[Frontiers in Bioscience E3, 410-420, January 1, 2011]

Sage components enhance cell death through nuclear factor kappa-B signaling

Sally Joseph Deeb1, Chirine Omar El-Baba1, Saadia Bashir Hassan2, Rolf Lennart Larsson2, Hala Uthman Gali-Muhtasib1

1Department of Biology, American University of Beirut, Beirut, Lebanon. 2Division of Clinical Pharmacology, Department of Medical Sciences, University Hospital, SE-751 85 Uppsala, Sweden

TABLE OF CONTENTS

1. Abstract
2. Introduction
3. Methods
3.1. Cell culture and treatments
3.2. Cell viability and LDH cytotoxicity assay
3.3. Flow cytometric analysis of DNA content
3.4. Annexin V Assay
3.5. Preparation of nuclear extracts
3.6. Electrophoretic mobility shift assay (EMSA) and supershift analysis
3.7. Protein extraction and western blot analysis
3.8. Immunocytochemistry
4. Results
4.1. Ly and Te synergize to cause cell death at non-cytotoxic concentrations

4.2. Ly and Te inhibit nuclear translocation of NF-KB and reduce NF-KB gene products

4.3. Ly and Te inhibit TNF-alpha -induced NF-KB activity and suppress NF-KB-regulated genes
4.4. Ly and Te inhibit DNA-binding activity of NF-KB
4.5. Ly and Te chemosensitize cells exposed to oxaliplatin and 5-FU
5. Discussion
6. Acknowledgements
7. References

1. ABSTRACT

The sage components linalyl acetate (Ly) and alpha-terpineol (Te) exhibit synergistic anti-proliferative effects.

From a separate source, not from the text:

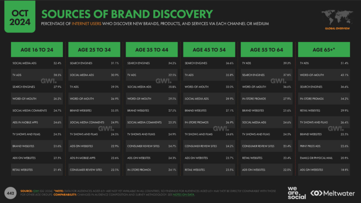 По данным Data Reportal, 32,4%молодежи в возрасте 16–24 лет используют социальные сети для поиска и изучения брендов, а24,6%— мобильные приложения.

We investigated the effects of Ly and Te on NF-KB signaling in HCT-116 colon cancer cells. Ly and Te combinations dose-dependently reduced HCT-116 viability at non-cytotoxic concentrations. Combination treatment induced 30%-60% increase in PreG1 through induction of apoptosis and necrosis. DNA binding assays revealed that combination treatment suppressed both basal and TNF-alpha-induced NF-KB activation. This suppression correlated with the inhibition of p65 nuclear translocation and IKB-alpha degradation. The lack of change in IKK expression levels or inhibition in IKB-alpha phosphorylation suggest the involvement of an IKK-independent mechanism. Ly and Te combination was found to downregulate the expression of NF-KB-regulated antiapoptotic and proliferative gene products. Separate treatments and drug combinations significantly decreased DNA binding activity of NF-KB which led to the potentiation of cell death induced by the colon cancer drugs oxaliplatin and 5-FU. These results indicate that Ly and Te anticancer activities are partly mediated through the suppression of NF-KB activation, suggesting their use in combination with chemotherapeutic agents to induce apoptosis.